Sebab-sebab Terjadinya Kejahatan

  1. Para sosiolog berusaha untuk menemukan proses-proses yang menyebabkan seseorang menjadi penjahat. Analisis ini bersifat sosial psikologis. Beberapa orang ahli menekankan pada beberapa bentuk proses seperti imitasi, pelaksanaan peranan sosial, asosiasi diferensial, konpensasi, identifikasi, konsepsi diri pribadi, dan kekecewaan yang agresif sebagai proses-proses yang menyebabkan seseorang menjadi jahat.
  2. Apabila seseorang menjadi jahat, maka hal itu disebabkan orang bersangkutan mengadakan kontak dengan pola-pola prilaku jahat dan juga karena dia mengasingkan diri terhadap pola-pola perilaku yang tidak menyukai kejahatan tersebut.

Solusi Mengatasi Masalah Kejahatan

Untuk mengatasi masalah kejahatan, kecuali tindak preventif, dapat pula diadakan tindakan-tindakan represif antara lain dengan teknik rehabilitasi.

Menurut Cressey, ada 2 konsepsi mengenai teknik rehabilitasi:

  • Menciptakan sistem dan program-program yang bertujuan untuk menghukum orang-orang jahat.

Sistem serta program-program tersebut bersifat reformatif, misalnya hukuman bersyarat, hukuman kurungan, serta hukuman penjara.

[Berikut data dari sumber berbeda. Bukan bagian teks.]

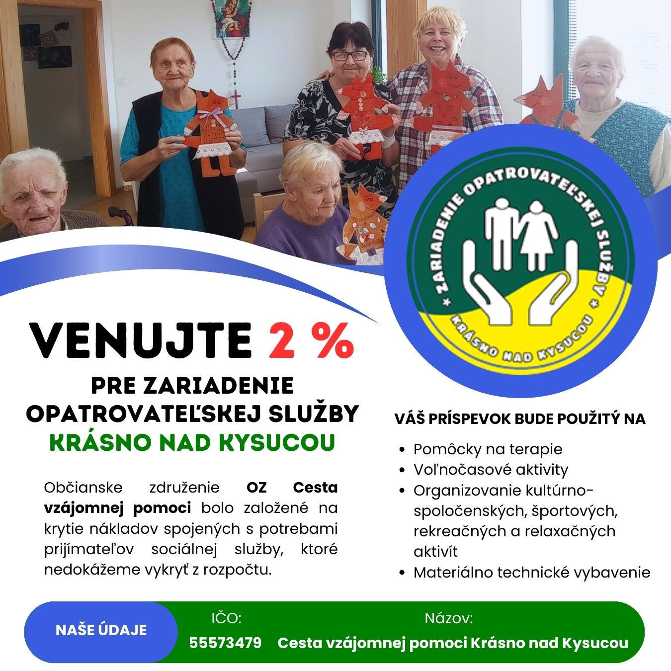 Milí spoluobčania, milí priatelia, dovoľte nám touto cestou obrátiť sa na Vás zo žiadosťou o darovanie 2% alebo 3% z dane pre Zariadenie opatrovateľskej služby Krásno nad Kysucou.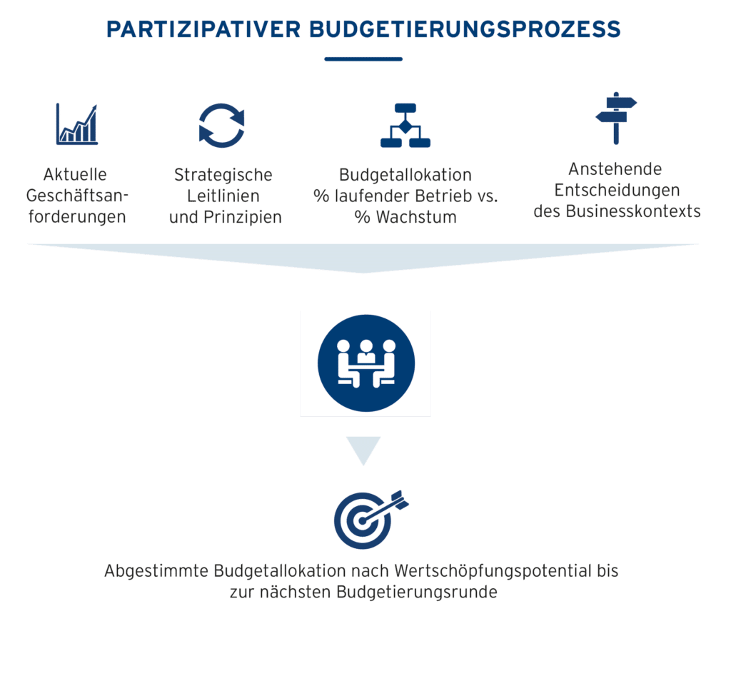 Als Abstimmungsinstrument wird der partizipative Budgetierungsprozess genutzt, d.h. mit gleichem Stimmrecht müssen sich die Abteilungsleiter über die Mittelverwendung und die Priorisierung der Mittelverwendung mit einer einfachen Mehrheit einig sein. Es muss also für Mittelverwendungen innerhalb der Entscheidungsrunde geworben werden. Damit wird eine hohe Ausrichtung der gesamten Business Unit an der zu erreichenden Wertschöpfung sichergestellt.

  • Dalam teknik kedua lebih ditekankan pada usaha agar penjahat dapat berubah menjadi orang biasa (orang baik). Dalam hal ini, maka selama menjalani hukuman bersyarat, diusahakan mencari pekerjaan bagi si terhukum dan diberikan konsultasi psikologis. Kepada para narapidana di lembaga-lembaga pemasyarakatan diberikan pendidikan serta latihan-latihan untuk menguasai bidang-bidang tertentu, supaya kela setelah masa hukuman selesai punya modal untuk mencari pekerjaan dimasyarakat.

BAB III

PENUTUP

Kesimpulan

Konflik sosial adalah suatu ketidaksesuaian antara unsur-unsur kebudayaan atau masyarakat, yang membahayakan kehidupan sosial. Masalah sosial timbul dari kekurangan-kekurangan dalam diri manusia atau kelompok sosial yang bersumber pada faktor-faktor ekonomis, biologis, biopsikologis dan kebudayaan.

Klasifikasi konflik sosial yang dihadapi oleh masyarakat pada umumnya sama yaitu misalnya: kemiskinan, kejahatan, disorganisasi keluarga, peperangan, masalah kependudukan, masalah lingkungan hidup, birokrasi.

Menurut sosiologi pemecahan atas masalah sosial dapat dilakukan dengan menggunakan metode-metode preventif dan represif.

Bagi pembangunan, sosiologi dapat dimanfaatkan guna memberikan data sosial pada tahap-tahap perencanaan, pelaksanaan, maupun evaluasi proses pembangunan.

Saran

Para anggota masyarakat harus lebih perhatian terhadap masalah-masalah sosial yang ada dilingkungannya, serta memperbaiki kepincangan-kepincangan yang dianggap sebagai masalah sosial.

DAFTAR PUSTAKA

 Soekanto, Soerjono. 2004. Sosiologi Suatu Pengantar. Jakarta: PT. Grafindo Persada.